An EyeLink 1000 video-based eye tracker (SR Research Ltd., Mississauga, Ontario, Canada) with a temporal resolution of 1000 Hz was used. Participants were seated with their heads stabilized on a chinrest and with a distance of approximately 60 cm between the monitor that displayed the tasks (19 in. diagonal with a resolution of 1280 × 1024 pixels) and their eyes. The screen covered 43° of horizontal visual angle and 32° of vertical visual angle.

Procedures

Data collection took place in two sessions. In the first session, all participants were collectively administered the reading comprehension screening test for approximately 25 min. The second session involved individual experiments with the eye tracker, administered in a quiet room. After instructions were provided, the eye tracker was calibrated for each participant using a nine-point procedure. Next, the participant was instructed to speak their problem-solving plans aloud as they read two practice problems on the screen, with no calculation or answer required. The formal experimental process was the same as the practice process. The sequence of the 16 problems was randomized for each participant. To create a natural reading condition, each participant was allowed to complete the tasks at his or her own pace. On average, participants finished the entire eye-tracking experiment in about 30–45 min.

Results

Table 1 shows the means and standard deviations of successful/unsuccessful problem-solvers by problem difficulty in terms of different eye-movement indicators. Six 2 × 4 (group × problem difficulty) ANOVA tests on different eye-movement indicators and four multiple regression analyses were conducted. Table 2 summarizes the effects of ANOVAs for the six indicators.

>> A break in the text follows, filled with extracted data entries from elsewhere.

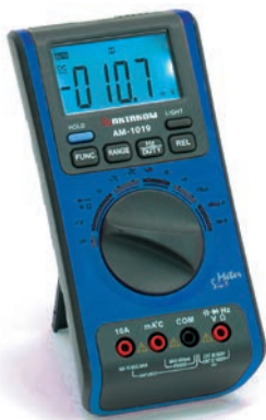
Рис. 9. Комбинируемый цифровой мультиметр АКТАКОМ AM-1019

Для безопасной работы всё электрическое оборудование должно иметь сопротивление изоляции, соответствующее определенным характеристикам. Из-за различных воздействий на оборудование качество изоляционных материалов со временем меняется, то есть снижается электрическое сопротивление изоляции, что приводит к увеличению тока утечки и, как следствие, к очень серьезным негативным последствиям.
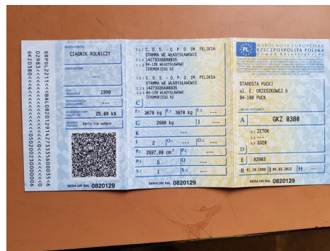
ZETOR 3320. NR IDENT.02983.ot APPRA.EU.01.12.202039
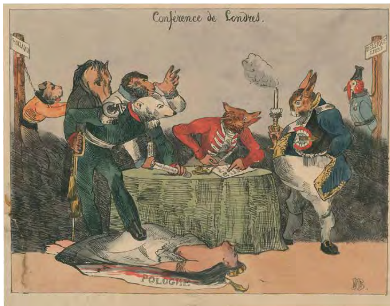
Spotprent op de Conferentie van Londen in 1830 © KONINKLIJK MUSEUM VAN HET LEGER EN DE KRIJGSGESCHIEDENIS, INV NR KLM-MRA : DD-D-191

DE INTERNATIONALE POSITIE VAN BELGIË De Europese hoofdsteden werden enigszins verrast door het succes van de Belgische opstand, die het Europees evenwicht, zoals uitgedokterd op het Congres van Wenen, in gevaar bracht. Dit betekende dat de mogendheden in Londen beslisten over het lot van de jonge staat. De onderhandelingen begonnen op 4 november. Willem had al eind augustus internationale hulp gevraagd, maar kreeg weinig reactie. De Russische tsaar wilde wel militair tussenkomen, maar de opstand in Polen verhinderde dat. Groot-Brittannië en Frankrijk stuurden al snel aan op een diplomatieke oplossing. Op 20 december 1830 erkenden de mogendheden de onafhankelijkheid van België. Een maand later, op 20 januari 1831, werd België voor eeuwig neutraal verklaard.
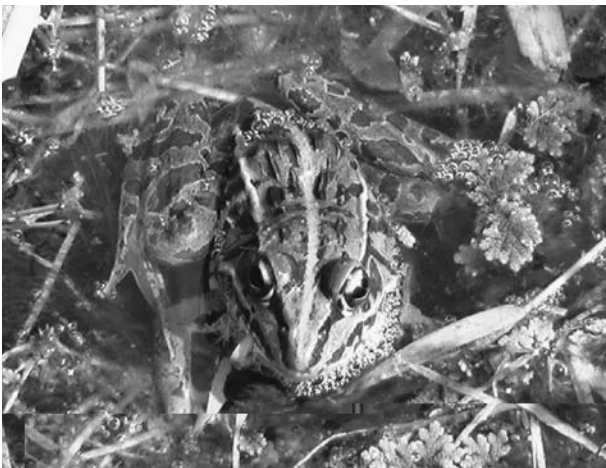
5. トノサマガエル オス

Table 1 Means and standard deviations for different eye-movement indicators as a function of group and difficulty
Table 2 Summary of the effects of ANOVAs for different eye-movement indicators

Effect of group and problem difficulty on RT − TFD, TFD of blank, and NOF of blank

A two-way ANOVA on RT − TFD showed a significant effect for difficulty, F(3, 201) = 17.11, p < .001, η2 = .203, but not for group, F(1, 67) = 1.27, p > .10. In addition, the results indicated that interaction between difficulty and group was marginally significant, F(3, 201) = 2.26, p = .083, η2 = .033. In addition, a simple main-effect analysis was conducted. For the successful group, a significant difference in RT − TFD was found between the problem difficulties, F(3, 201) = 15.22, p < .001. Post hoc comparison indicated that RT − TFD was significantly greater for inconsistent-text problems (M = 8.89) than consistent-text and consistent-illustrated problems (M = 6.53, 4.84; p< .001) and marginally greater for inconsistent-text problems than inconsistent-illustrated problems (M = 7.25, p = .063). Furthermore, RT − TFD was significantly greater for inconsistent-illustrated and consistent-text problems than consistent-illustrated problems (ps < .05). For the unsuccessful group, a significant difference in RT − TFD was also found between the problem difficulties, F(3, 201) = 3.99, p = .009. Post hoc comparison showed that RT − TFD was significantly greater for inconsistent-text, inconsistent-illustrated, and consistent-text problems (M = 6.70, 6.40, 5.97) than consistent-illustrated problems (M = 4.77; ps < .05). For inconsistent-text problems, a significant difference in RT − TFD was observed between the two groups, F(1, 268) = 5.12, p = .024. Post hoc comparison revealed that the successful problem-solvers (M = 8.98) demonstrated marginally significantly greater RT − TFD than the unsuccessful problem-solvers (M = 6.70; p = .068).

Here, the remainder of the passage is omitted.